すなわち、図5に示すように、まずトランスミッション回転検出センサS2による検出情報のデータ読み込みが行われ、次いで搬送回転検出センサS3による検出情報のデータ読み込みが行われる。その後、強制掻込みスイッチ9aがONかOFFかの判断がなされ、図6に示すように、当該強制掻込みスイッチ9aがON状態に押圧されている間は、走行速度の変化に関わらず、前処理部2の駆動速度(前処理回転数R)を変速操作する作業機HST23が一定に保持され(定速モード設定)、強制掻込みスイッチ9aを離すと自動的に次段の前処理部2の駆動速度が走行速度に連動する駆動制御となり、倒伏スイッチ9bのON・OFFの判断に移行する。
そして上記倒伏スイッチ9bがOFF状態であるときには通常の連動駆動が行われ(標準速モード設定)、同スイッチ9bがON状態に押圧されていれば、標準速モードに比して前処理部2の駆動速度が増速された倒伏モード設定に切り換えられることになる。
したがって、コンバイン1の通常作業走行において、頻繁に操作する主変速レバー10を把持しているのみで、刈取脱穀作業に関する操作を、従来のように別の部位に設けた操作部にいちいち手を伸ばすことなく行うことができ、レバー操作に対する誤操作を未然に防止して機体走行に伴う刈取脱穀作業の安全性を確保することができる。
(a)はコンバインの全体側面図である。
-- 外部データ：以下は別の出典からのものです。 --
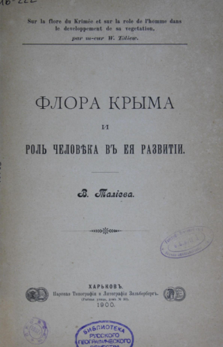 Талиев, Валерий Иванович (1872-1932). Флора Крыма и роль человека в ее развитии / [соч.] В. Талиева. - Харьков : Пар. тип. и лит. Зильберберг, 1900 - (Отд. оттиск: Труды О-ва испытателей природы при Имп. Харьк. ун-те. Т. 35)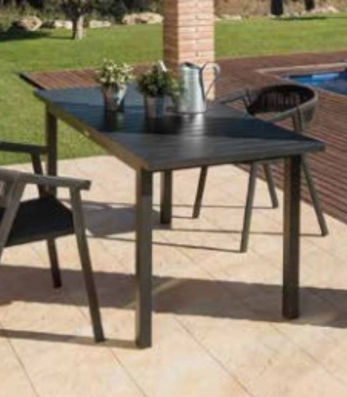 The extendable aluminum dining table Auto It is made of powder-coated aluminum (polyester). It has a smooth rectangular aluminum surface. All 4 legs have non-slip caps.

(b)は同上運転キャビン内の要部斜視図である。 (a)は主変速レバーの要部正面図である。(b)は同上要部側面図である。 コンバインの動力伝動系統図である。 各センサおよびスイッチ類の接続制御図である。 搬送駆動制御のフローチャート図である。 前処理駆動速度と走行速度との関係を示すグラフ図である。
符号の説明
12 エンジン
10 主変速レバー
A 走行伝動系
2 前処理部
B 前処理伝動系
1 コンバイン
9a 強制掻込みスイッチ(切換手段)
9b 倒伏スイッチ(モード切換スイッチ)

Claims (2)

  1. 処理部の駆動速度を
    走行速度が大きい時は大きく、走行速度が小さい時は小さくなるように連動する標準速モードと、
    走行速度が大きい時は大きく、走行速度が小さい時は小さくなるように連動すると共に、前記標準速モードに比して前処理部の駆動速度を増加させた倒伏モードと、
    走行速度の変化に関わらず一定に保持する定速モードとを設けると共に、
    前記標準速モードと倒伏モードとを切換可能なモード切換スイッチ(9b)と、
    前記標準速モード又は倒伏モードと、前記定速モードとを切換可能な切換手段(9a)を設け
    前記切換手段(9a)による切換を、モード切換スイッチ(9b)による切換より優先させて、前記モード切換スイッチ(9b)が標準速モード又は倒伏モードのどちらに切り換わっていても、前記切換手段(9a)を定速モードに切り換えた場合は、前処理部の駆動速度が一定に保持される、
    ことを特徴とするコンバインにおける前処理装置。
  2. 走行速度を変速する主変速レバー(10)を運転席(8)の側方前方に設け、モード切換スイッチ(9b)を前記主変速レバー(10)の後面に設けた、
    ことを特徴とする請求項1記載のコンバインにおける前処理装置。